Task data —

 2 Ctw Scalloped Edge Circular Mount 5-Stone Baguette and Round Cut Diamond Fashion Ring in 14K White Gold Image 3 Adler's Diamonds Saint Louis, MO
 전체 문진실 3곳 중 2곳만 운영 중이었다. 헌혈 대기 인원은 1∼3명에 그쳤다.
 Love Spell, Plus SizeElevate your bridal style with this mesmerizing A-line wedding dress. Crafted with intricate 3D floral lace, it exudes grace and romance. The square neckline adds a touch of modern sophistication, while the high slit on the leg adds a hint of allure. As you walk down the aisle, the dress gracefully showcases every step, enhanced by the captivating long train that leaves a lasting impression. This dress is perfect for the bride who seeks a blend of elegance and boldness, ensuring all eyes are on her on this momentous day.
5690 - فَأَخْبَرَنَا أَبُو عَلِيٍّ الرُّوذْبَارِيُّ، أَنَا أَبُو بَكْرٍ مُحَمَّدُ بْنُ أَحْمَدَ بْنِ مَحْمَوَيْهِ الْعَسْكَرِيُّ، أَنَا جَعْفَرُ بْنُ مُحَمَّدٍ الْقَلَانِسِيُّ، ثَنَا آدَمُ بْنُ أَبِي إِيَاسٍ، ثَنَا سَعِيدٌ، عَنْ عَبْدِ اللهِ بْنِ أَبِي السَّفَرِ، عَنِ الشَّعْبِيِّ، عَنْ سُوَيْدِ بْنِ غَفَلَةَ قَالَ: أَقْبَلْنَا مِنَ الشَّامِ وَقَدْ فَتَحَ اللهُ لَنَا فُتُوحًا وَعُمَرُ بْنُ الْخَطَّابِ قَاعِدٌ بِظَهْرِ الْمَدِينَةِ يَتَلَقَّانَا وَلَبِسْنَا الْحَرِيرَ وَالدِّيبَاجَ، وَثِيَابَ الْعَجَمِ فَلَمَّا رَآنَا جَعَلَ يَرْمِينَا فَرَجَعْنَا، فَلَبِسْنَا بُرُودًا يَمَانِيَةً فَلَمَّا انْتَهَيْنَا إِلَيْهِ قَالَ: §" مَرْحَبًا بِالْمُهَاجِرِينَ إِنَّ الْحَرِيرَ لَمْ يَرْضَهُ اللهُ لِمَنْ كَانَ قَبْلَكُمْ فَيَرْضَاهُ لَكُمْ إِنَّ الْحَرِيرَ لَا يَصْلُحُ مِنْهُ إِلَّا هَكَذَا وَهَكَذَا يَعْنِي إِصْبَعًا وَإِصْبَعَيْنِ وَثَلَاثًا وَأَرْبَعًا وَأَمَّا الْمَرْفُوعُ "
==
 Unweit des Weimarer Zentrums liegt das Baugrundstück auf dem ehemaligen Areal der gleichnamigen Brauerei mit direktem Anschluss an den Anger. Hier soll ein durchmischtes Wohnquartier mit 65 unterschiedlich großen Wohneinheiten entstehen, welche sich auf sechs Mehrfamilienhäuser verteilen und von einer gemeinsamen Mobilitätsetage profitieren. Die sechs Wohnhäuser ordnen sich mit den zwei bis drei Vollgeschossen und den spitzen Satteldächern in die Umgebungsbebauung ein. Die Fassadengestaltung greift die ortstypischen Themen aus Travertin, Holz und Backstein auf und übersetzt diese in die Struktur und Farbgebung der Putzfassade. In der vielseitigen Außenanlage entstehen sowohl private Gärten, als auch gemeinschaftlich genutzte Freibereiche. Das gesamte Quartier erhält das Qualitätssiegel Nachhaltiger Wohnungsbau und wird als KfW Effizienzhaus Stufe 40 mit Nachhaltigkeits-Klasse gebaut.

Task to carry out — Give back the records above exactly, limited to the lines between the one holding "전체 문진실 3곳 중" and the one holding "5690 - فَأَخْبَرَنَا", inclusive.

Solution to this task —
 전체 문진실 3곳 중 2곳만 운영 중이었다. 헌혈 대기 인원은 1∼3명에 그쳤다.
 Love Spell, Plus SizeElevate your bridal style with this mesmerizing A-line wedding dress. Crafted with intricate 3D floral lace, it exudes grace and romance. The square neckline adds a touch of modern sophistication, while the high slit on the leg adds a hint of allure. As you walk down the aisle, the dress gracefully showcases every step, enhanced by the captivating long train that leaves a lasting impression. This dress is perfect for the bride who seeks a blend of elegance and boldness, ensuring all eyes are on her on this momentous day.
5690 - فَأَخْبَرَنَا أَبُو عَلِيٍّ الرُّوذْبَارِيُّ، أَنَا أَبُو بَكْرٍ مُحَمَّدُ بْنُ أَحْمَدَ بْنِ مَحْمَوَيْهِ الْعَسْكَرِيُّ، أَنَا جَعْفَرُ بْنُ مُحَمَّدٍ الْقَلَانِسِيُّ، ثَنَا آدَمُ بْنُ أَبِي إِيَاسٍ، ثَنَا سَعِيدٌ، عَنْ عَبْدِ اللهِ بْنِ أَبِي السَّفَرِ، عَنِ الشَّعْبِيِّ، عَنْ سُوَيْدِ بْنِ غَفَلَةَ قَالَ: أَقْبَلْنَا مِنَ الشَّامِ وَقَدْ فَتَحَ اللهُ لَنَا فُتُوحًا وَعُمَرُ بْنُ الْخَطَّابِ قَاعِدٌ بِظَهْرِ الْمَدِينَةِ يَتَلَقَّانَا وَلَبِسْنَا الْحَرِيرَ وَالدِّيبَاجَ، وَثِيَابَ الْعَجَمِ فَلَمَّا رَآنَا جَعَلَ يَرْمِينَا فَرَجَعْنَا، فَلَبِسْنَا بُرُودًا يَمَانِيَةً فَلَمَّا انْتَهَيْنَا إِلَيْهِ قَالَ: §" مَرْحَبًا بِالْمُهَاجِرِينَ إِنَّ الْحَرِيرَ لَمْ يَرْضَهُ اللهُ لِمَنْ كَانَ قَبْلَكُمْ فَيَرْضَاهُ لَكُمْ إِنَّ الْحَرِيرَ لَا يَصْلُحُ مِنْهُ إِلَّا هَكَذَا وَهَكَذَا يَعْنِي إِصْبَعًا وَإِصْبَعَيْنِ وَثَلَاثًا وَأَرْبَعًا وَأَمَّا الْمَرْفُوعُ "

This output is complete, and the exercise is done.